Data block Start Marker

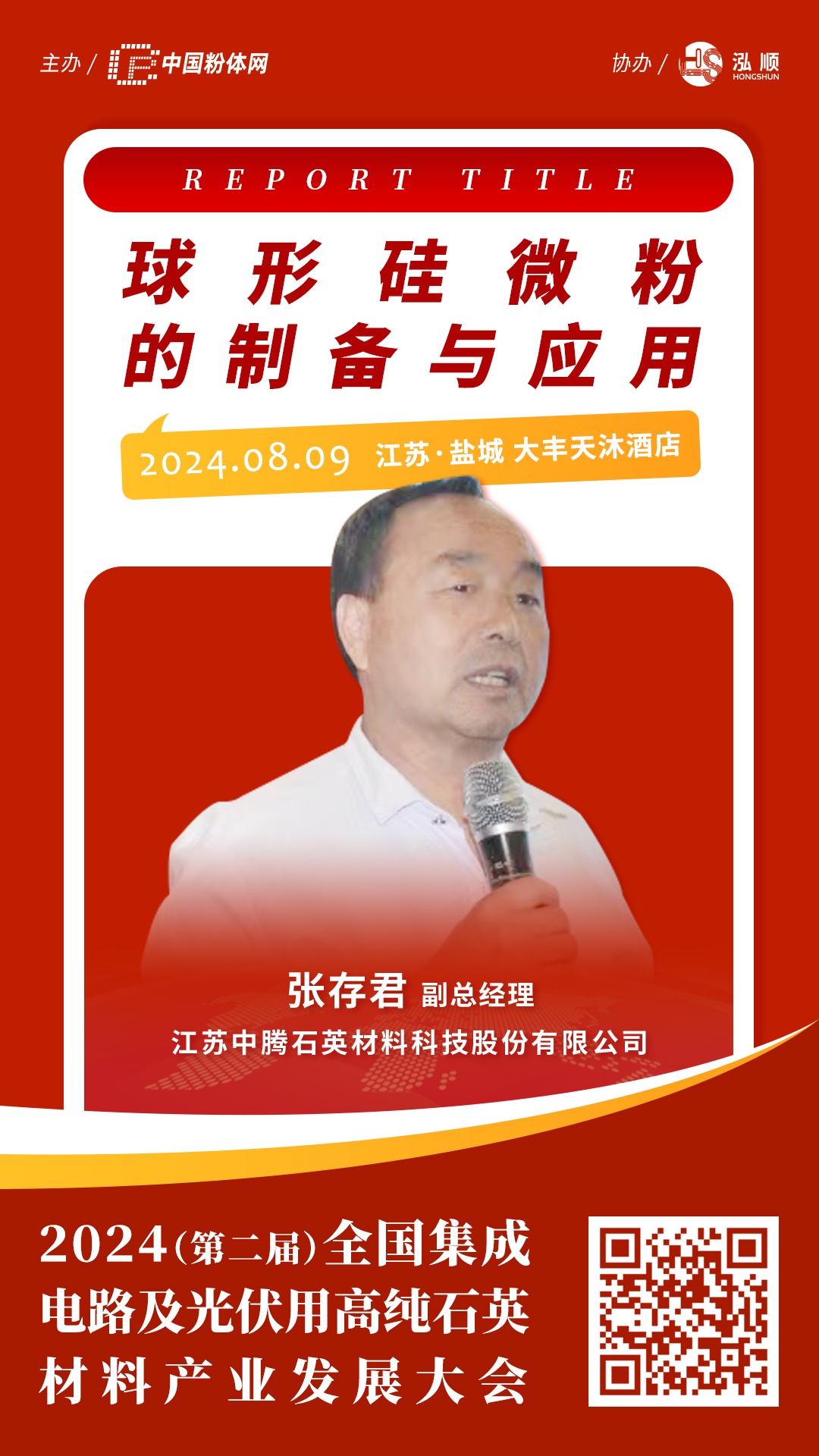 2024年8月9日,由中國粉體網主辦的“2024(第二屆)全國集成電路及光伏用高純石英材料產業發展大會”將在江蘇鹽城召開,江蘇中騰石英材料科技股份有限公司的張存君副總經理將做《球形硅微粉的制備與應用》的報告,屆時,他將結合公司實際研發經驗,詳細解讀球形硅微粉的生產技術及應用領域。
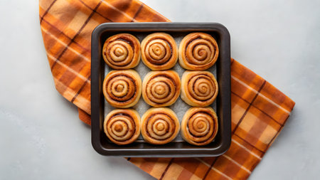 Homemade cinnabons in baking dish are taken out of the oven. Front view.
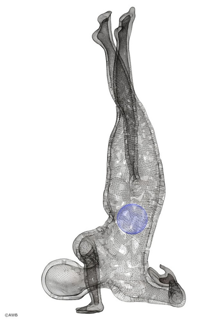 The blue ball you can see in the mesh drawing is free floating. As soon as the virtual drawing becomes a physical sculpture, gravity eefects the model and this ball is falling down into the right shoulder.

Data block End Marker

* _Task to carry out_
Without the images, write out each line of the data verbatim.

* _Result of this exercise_
 2024年8月9日,由中國粉體網主辦的“2024(第二屆)全國集成電路及光伏用高純石英材料產業發展大會”將在江蘇鹽城召開,江蘇中騰石英材料科技股份有限公司的張存君副總經理將做《球形硅微粉的制備與應用》的報告,屆時,他將結合公司實際研發經驗,詳細解讀球形硅微粉的生產技術及應用領域。
 Homemade cinnabons in baking dish are taken out of the oven. Front view.
 The blue ball you can see in the mesh drawing is free floating. As soon as the virtual drawing becomes a physical sculpture, gravity eefects the model and this ball is falling down into the right shoulder.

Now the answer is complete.